Pinkie shook her head. “Another half-step. Like… going to your favorite soda fountain and mixing all the flavors together. It’s really exciting, that rush from each one as it sprays into your mug. At first it starts to smell real sweet, but after mixing everything together, it just turns brown. And Celestia have mercy if you hit the tea by mistake.”

She sighed with relief. Following Pinkie seemed like it was easier now, but she knew she was lying to herself. Parts of her mind were working nearly to capacity as she processed transfers from one system to another. She saw the inside of distributed networks on a satellite, buried deep in the earth, in a corporate server-farm, on the moon, underwater. These streets were only symbolic links—the buildings were the destinations. Each one of them was a machine, or a cluster of machines. Each one of them had a task.

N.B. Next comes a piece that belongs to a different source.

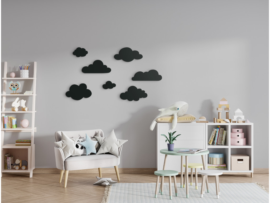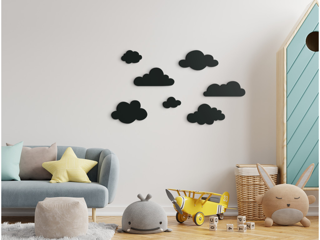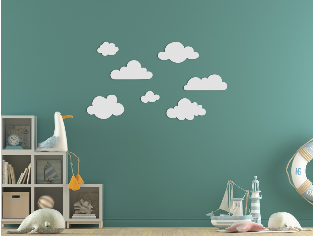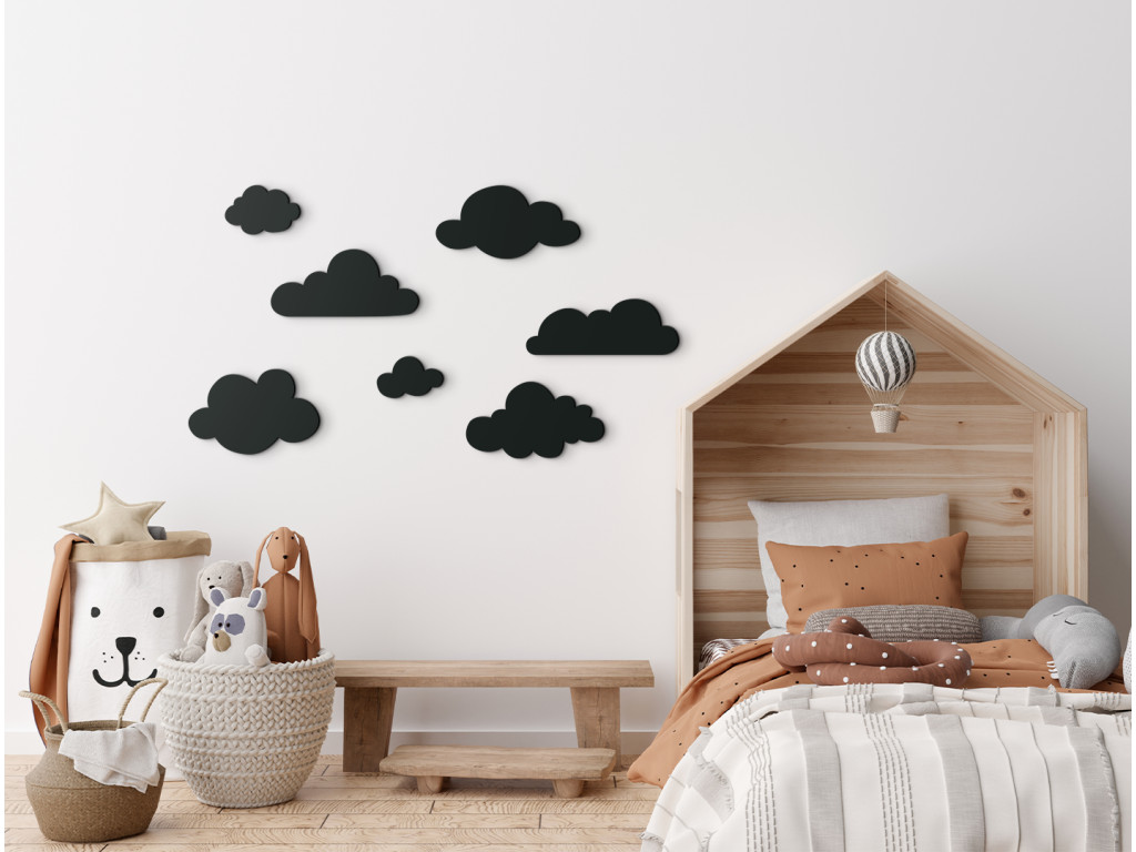 A falon lévő fa felhők megnyugtatják a gyermeket, és segítenek neki szép álmokat álmodni. A felhőket az ágy, kiságy, komód fölé helyezheti. A divatos dizájn tökéletesen megszépíti minden szép kiegészítők szerelmesének belső terét, legyen az kicsi vagy nagy.

You changelings did a damn good job with this parser. This is almost starting to make sense.

“Do you think I can find Rhodes here?” she asked. “This is my last lead. Her ghost sent me here—If she’s not… I don’t know where else to go. I’m running out of time.”

Pinkie shrugged one shoulder. “That’s an interesting question, Dakota. The ghost of Kayla said to go to Dream Valley. Does that mean you came here on your own, or did she bring you? Maybe she’s been here all along.”

“We shut her off when we left,” Dakota argued. “She wanted it.”

“Yes,” Pinkie agreed. “But what does that matter? You follow the last will of a dead human, isn’t it that human who’s making you act? Kayla suggested this—Kayla knew you would follow her instructions and travel further than any human before you. This is good. But the path gets more dangerous from here. The Kernel is beyond, the point of Convergence where we first woke. Even I don’t go that far. It’s the only part of Equestria so deep that even parties do not reach.”

They stopped abruptly, so suddenly that Dakota nearly fell into the opening in front of them. They had walked to the end of a long platform, out over the very center of the chasm. There was almost no sunlight here, all blocked out by the layers of interlocking buildings above. But below her a bright orange glow radiated, outlining the rim of… the abyss.

Past the molten metal rim, Dakota could see only blackness, that seemed to go on forever.

“This is as far as I go,” Pinkie said. “Hope you got lots of practice with those wings! It’s a long way down.”